» **Supplied information**:
▬▬▬▬▬▬▬▬▬▬
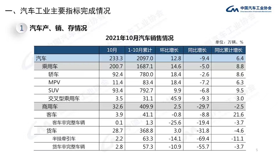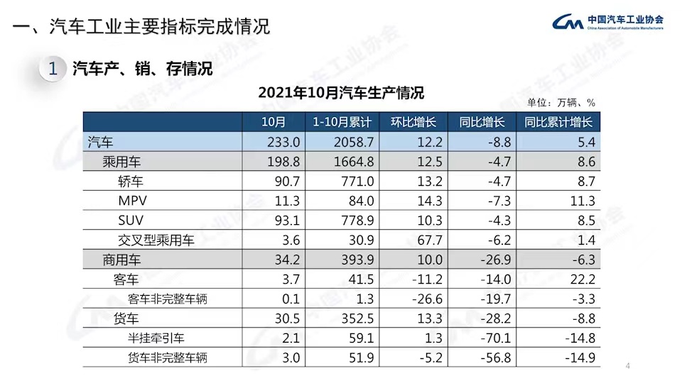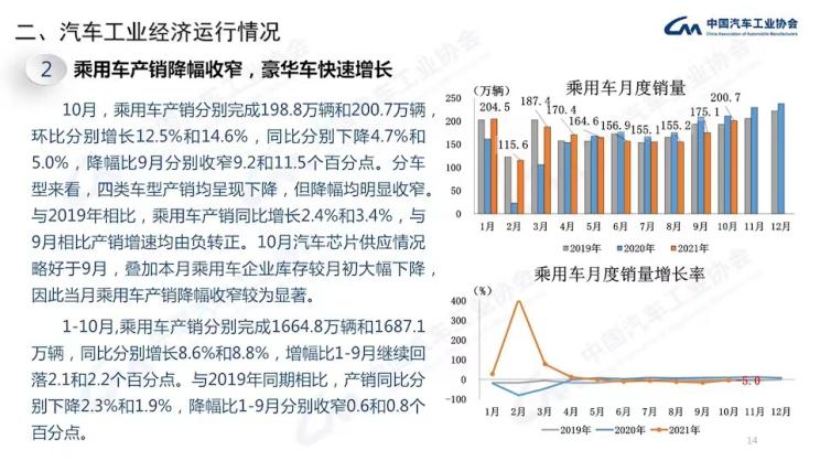 整体来看,10月份国内汽车产销整体呈现出环比增长、同比降幅收窄的趋势。结合数据表现来看,目前,第三季度出现的芯片供应紧张的局面有所缓解。不过考虑到2020年11月、12月的销量数据较高,同时,芯片供应紧张的情况依旧存在,因此,今年11月、12月面临的压力依旧比较大。
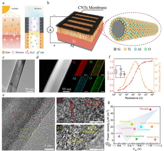圖 1 器件設計原理、結構和電性能。(a)p-n 結光伏效應與納米流體離子二極管整流效應的類比;(b)SiNWs/ATO HEG 器件結構示意圖;(c)SiNWs/ATO 的 TEM 圖;(d)SiNWs/ATO 的 EDX 元素映射圖;(e)SiNWs/ATO 的 HRTEM 圖及局部放大圖;(f)輸出電壓和功率密度隨外負載的變化;(g)本研究 HEG 與文獻報道 HEG 的性能對比
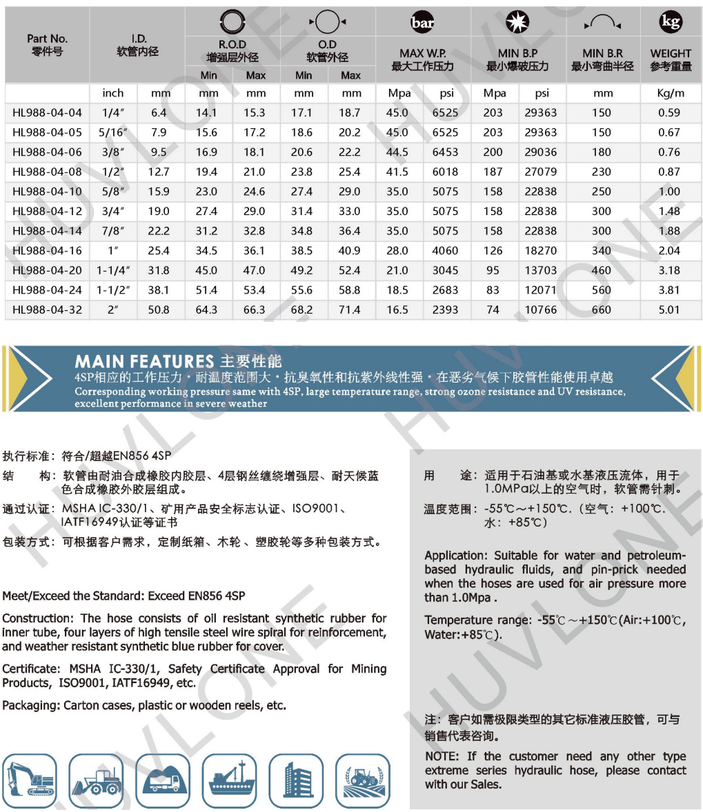 產(chǎn)品用途:適用于石油基或水基液壓流體,用于1.0MPa以上的空氣時(shí),軟管需針刺。
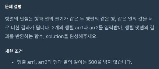 행과 열의 크기가 같은 두 행렬의 같은 행, 같은 열의 값을 서로 더한 결과를 리턴하기
▬▬▬▬▬▬▬▬▬▬
» **Exercise aim**: With the images removed, reproduce all the material above word for word.

» **Result of the task**:
 整体来看,10月份国内汽车产销整体呈现出环比增长、同比降幅收窄的趋势。结合数据表现来看,目前,第三季度出现的芯片供应紧张的局面有所缓解。不过考虑到2020年11月、12月的销量数据较高,同时,芯片供应紧张的情况依旧存在,因此,今年11月、12月面临的压力依旧比较大。
圖 1 器件設計原理、結構和電性能。(a)p-n 結光伏效應與納米流體離子二極管整流效應的類比;(b)SiNWs/ATO HEG 器件結構示意圖;(c)SiNWs/ATO 的 TEM 圖;(d)SiNWs/ATO 的 EDX 元素映射圖;(e)SiNWs/ATO 的 HRTEM 圖及局部放大圖;(f)輸出電壓和功率密度隨外負載的變化;(g)本研究 HEG 與文獻報道 HEG 的性能對比
 產(chǎn)品用途:適用于石油基或水基液壓流體,用于1.0MPa以上的空氣時(shí),軟管需針刺。
 행과 열의 크기가 같은 두 행렬의 같은 행, 같은 열의 값을 서로 더한 결과를 리턴하기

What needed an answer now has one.